- **LISTED RECORDS**:

= Beginning of Section =

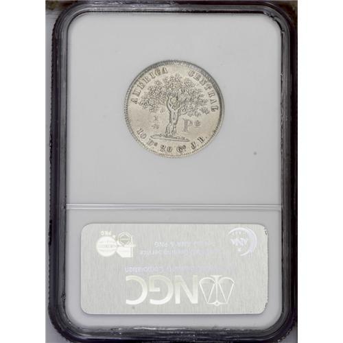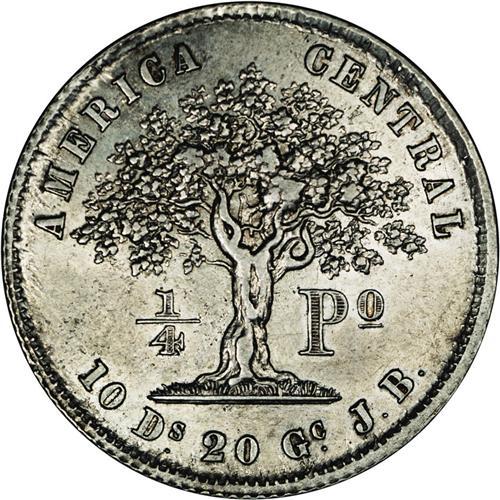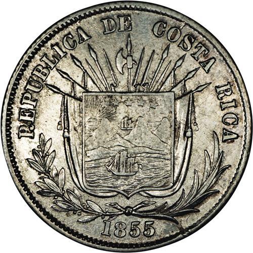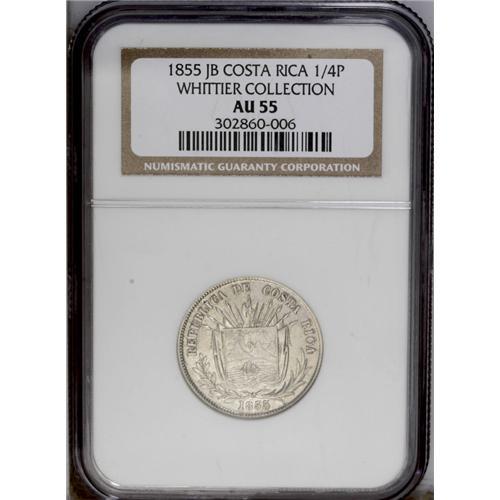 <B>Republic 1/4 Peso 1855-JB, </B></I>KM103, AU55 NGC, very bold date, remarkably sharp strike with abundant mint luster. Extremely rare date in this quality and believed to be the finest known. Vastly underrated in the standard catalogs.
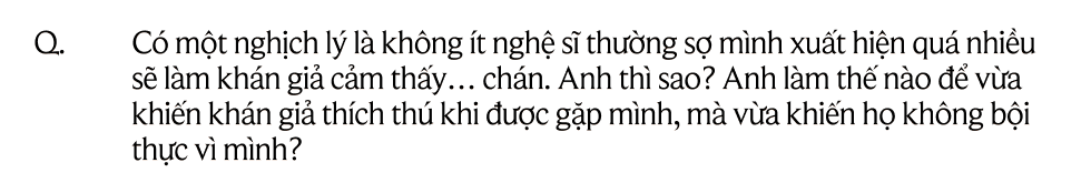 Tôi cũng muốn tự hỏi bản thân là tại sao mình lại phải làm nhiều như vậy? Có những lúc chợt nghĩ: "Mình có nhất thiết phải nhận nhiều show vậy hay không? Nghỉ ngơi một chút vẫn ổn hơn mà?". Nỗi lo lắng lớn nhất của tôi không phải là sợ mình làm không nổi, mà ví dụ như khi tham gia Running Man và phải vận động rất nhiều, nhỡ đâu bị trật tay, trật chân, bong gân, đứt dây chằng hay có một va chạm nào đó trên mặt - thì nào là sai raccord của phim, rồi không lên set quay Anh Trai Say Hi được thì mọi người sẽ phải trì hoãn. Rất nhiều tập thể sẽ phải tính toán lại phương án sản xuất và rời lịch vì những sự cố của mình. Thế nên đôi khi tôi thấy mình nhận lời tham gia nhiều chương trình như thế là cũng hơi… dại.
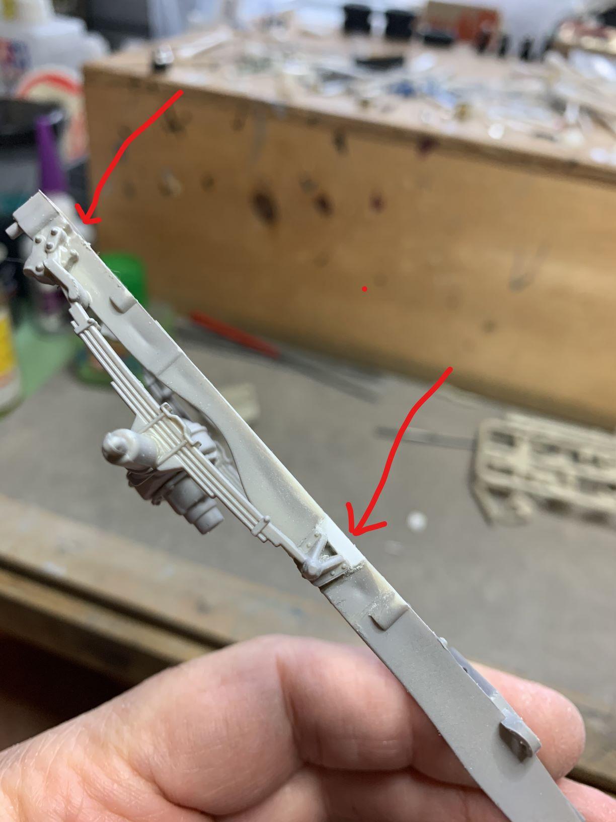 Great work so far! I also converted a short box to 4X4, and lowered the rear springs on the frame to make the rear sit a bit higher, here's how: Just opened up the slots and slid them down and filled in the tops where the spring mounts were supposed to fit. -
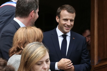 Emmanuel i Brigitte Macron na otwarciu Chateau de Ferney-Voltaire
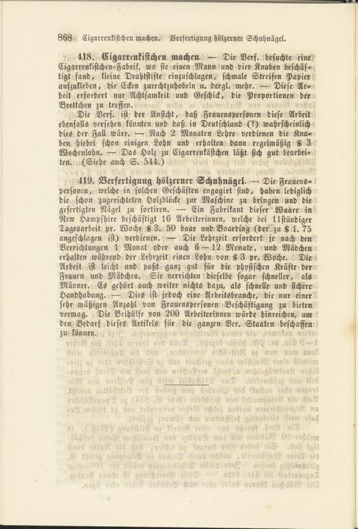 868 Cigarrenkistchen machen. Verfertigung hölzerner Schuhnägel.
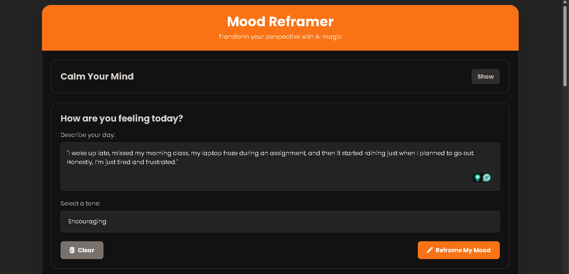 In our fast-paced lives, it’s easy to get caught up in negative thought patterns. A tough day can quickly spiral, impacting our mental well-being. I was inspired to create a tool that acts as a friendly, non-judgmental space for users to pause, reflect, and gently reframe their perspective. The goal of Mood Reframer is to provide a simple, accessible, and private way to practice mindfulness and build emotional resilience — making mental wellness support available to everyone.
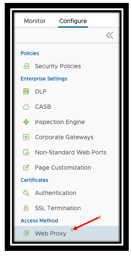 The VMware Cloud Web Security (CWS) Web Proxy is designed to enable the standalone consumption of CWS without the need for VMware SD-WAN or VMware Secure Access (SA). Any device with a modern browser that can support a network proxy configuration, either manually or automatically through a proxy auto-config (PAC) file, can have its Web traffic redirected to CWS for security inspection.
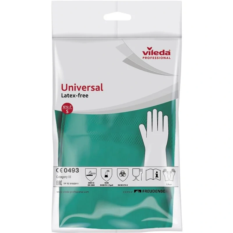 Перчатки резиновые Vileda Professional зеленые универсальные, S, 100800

= End of Section =
= Beginning of Section =

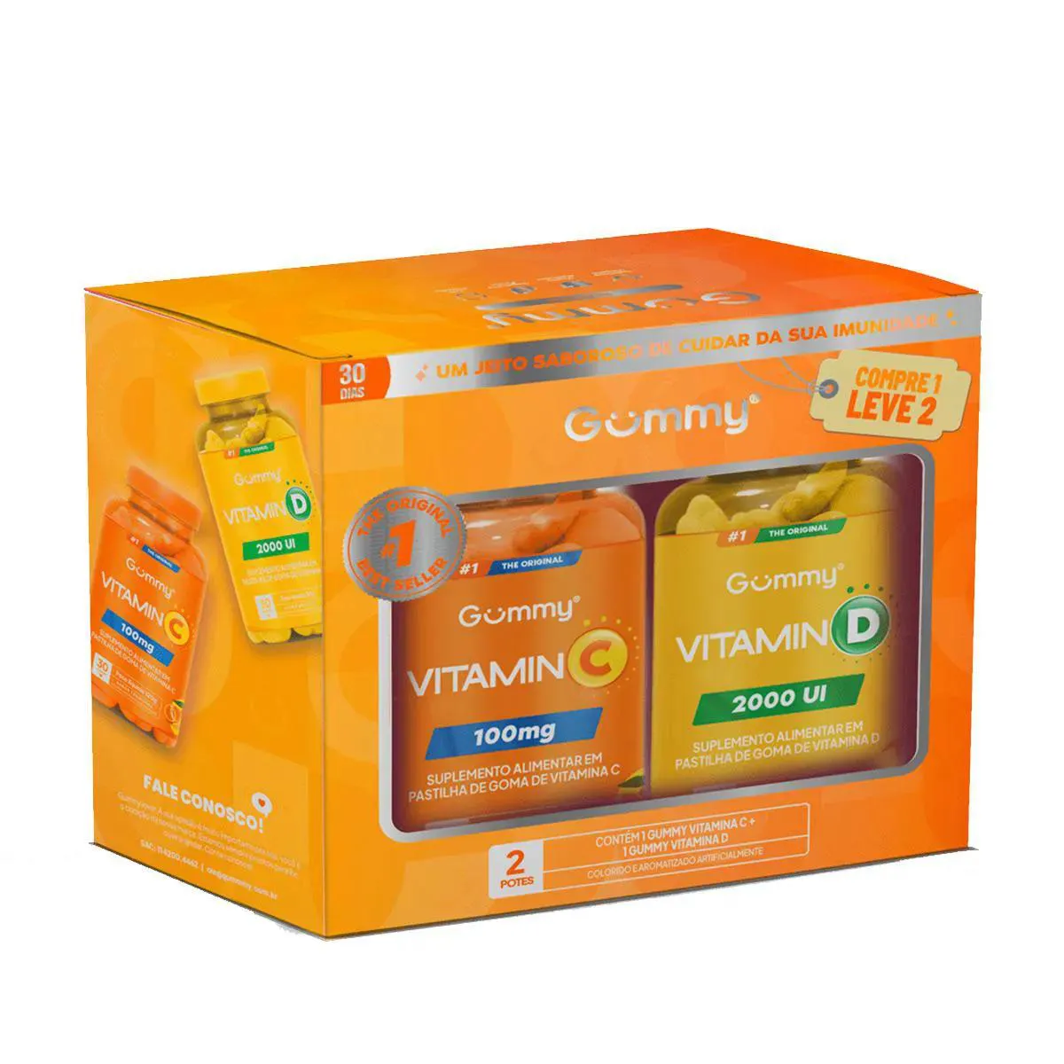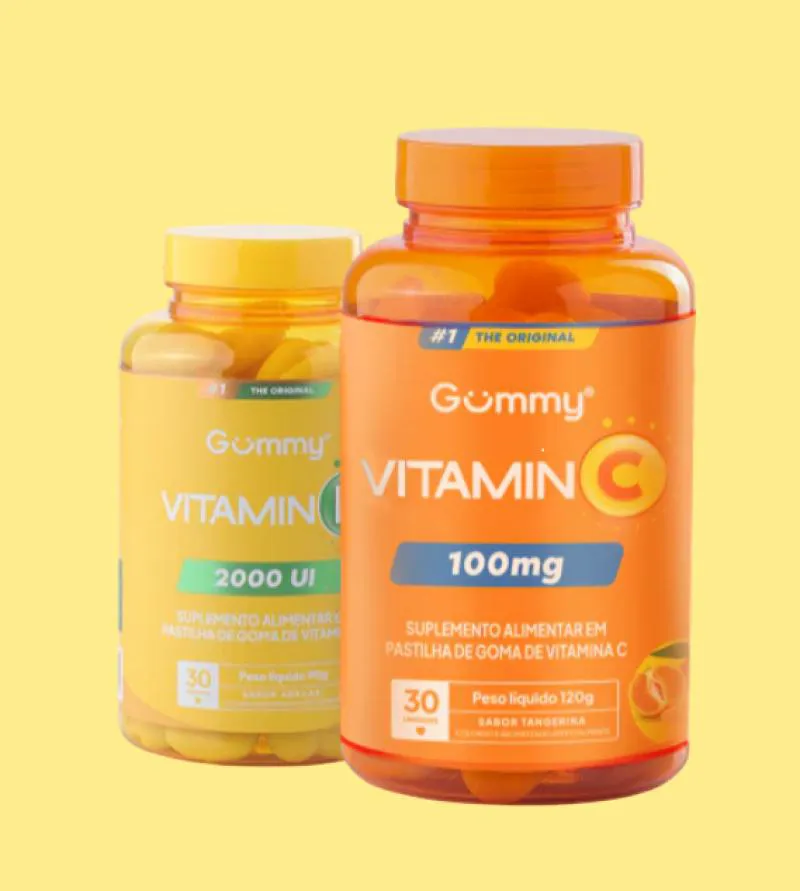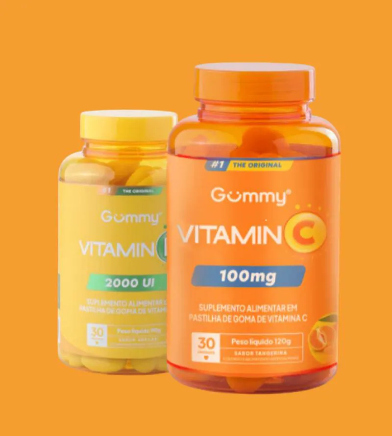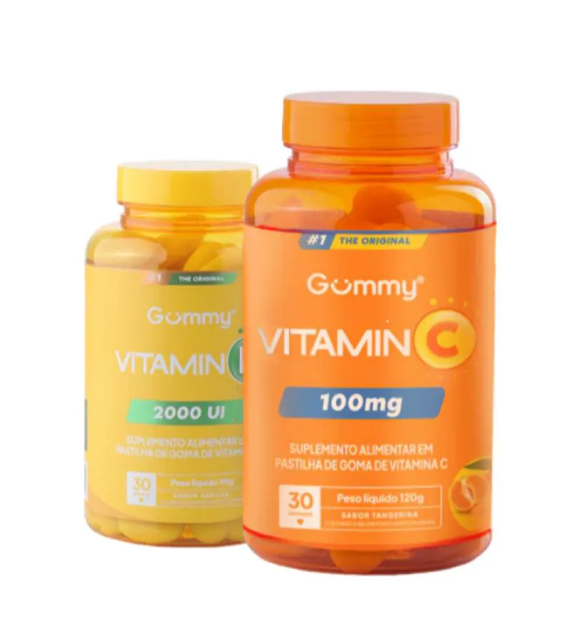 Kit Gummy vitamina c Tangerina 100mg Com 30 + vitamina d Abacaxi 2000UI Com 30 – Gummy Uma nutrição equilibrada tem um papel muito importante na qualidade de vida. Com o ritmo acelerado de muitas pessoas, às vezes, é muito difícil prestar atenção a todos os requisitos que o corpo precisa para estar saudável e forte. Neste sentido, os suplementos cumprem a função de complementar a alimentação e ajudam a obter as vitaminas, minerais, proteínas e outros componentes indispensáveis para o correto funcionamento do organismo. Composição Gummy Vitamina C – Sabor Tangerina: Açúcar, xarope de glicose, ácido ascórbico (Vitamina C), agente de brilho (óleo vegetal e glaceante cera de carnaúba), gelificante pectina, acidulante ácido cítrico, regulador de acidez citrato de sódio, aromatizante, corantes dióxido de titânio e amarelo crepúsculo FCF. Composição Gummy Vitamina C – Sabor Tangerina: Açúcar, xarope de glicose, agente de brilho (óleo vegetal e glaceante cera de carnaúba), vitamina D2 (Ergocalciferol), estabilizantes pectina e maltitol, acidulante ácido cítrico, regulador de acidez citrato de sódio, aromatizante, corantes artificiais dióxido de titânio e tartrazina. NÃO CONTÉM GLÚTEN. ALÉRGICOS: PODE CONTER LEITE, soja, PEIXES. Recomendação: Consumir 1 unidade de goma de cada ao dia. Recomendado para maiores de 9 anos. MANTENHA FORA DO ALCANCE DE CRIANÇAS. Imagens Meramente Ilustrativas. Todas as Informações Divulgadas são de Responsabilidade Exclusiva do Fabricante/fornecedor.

= End of Section =

- **WHAT YOU WILL DO**:
In the listing above, the required lines run from the line with "In our fast-paced" through the line with "The VMware Cloud". Output exactly those lines, omitting pictures.

- **ANSWER TO THE EXERCISE**:
 In our fast-paced lives, it’s easy to get caught up in negative thought patterns. A tough day can quickly spiral, impacting our mental well-being. I was inspired to create a tool that acts as a friendly, non-judgmental space for users to pause, reflect, and gently reframe their perspective. The goal of Mood Reframer is to provide a simple, accessible, and private way to practice mindfulness and build emotional resilience — making mental wellness support available to everyone.
 The VMware Cloud Web Security (CWS) Web Proxy is designed to enable the standalone consumption of CWS without the need for VMware SD-WAN or VMware Secure Access (SA). Any device with a modern browser that can support a network proxy configuration, either manually or automatically through a proxy auto-config (PAC) file, can have its Web traffic redirected to CWS for security inspection.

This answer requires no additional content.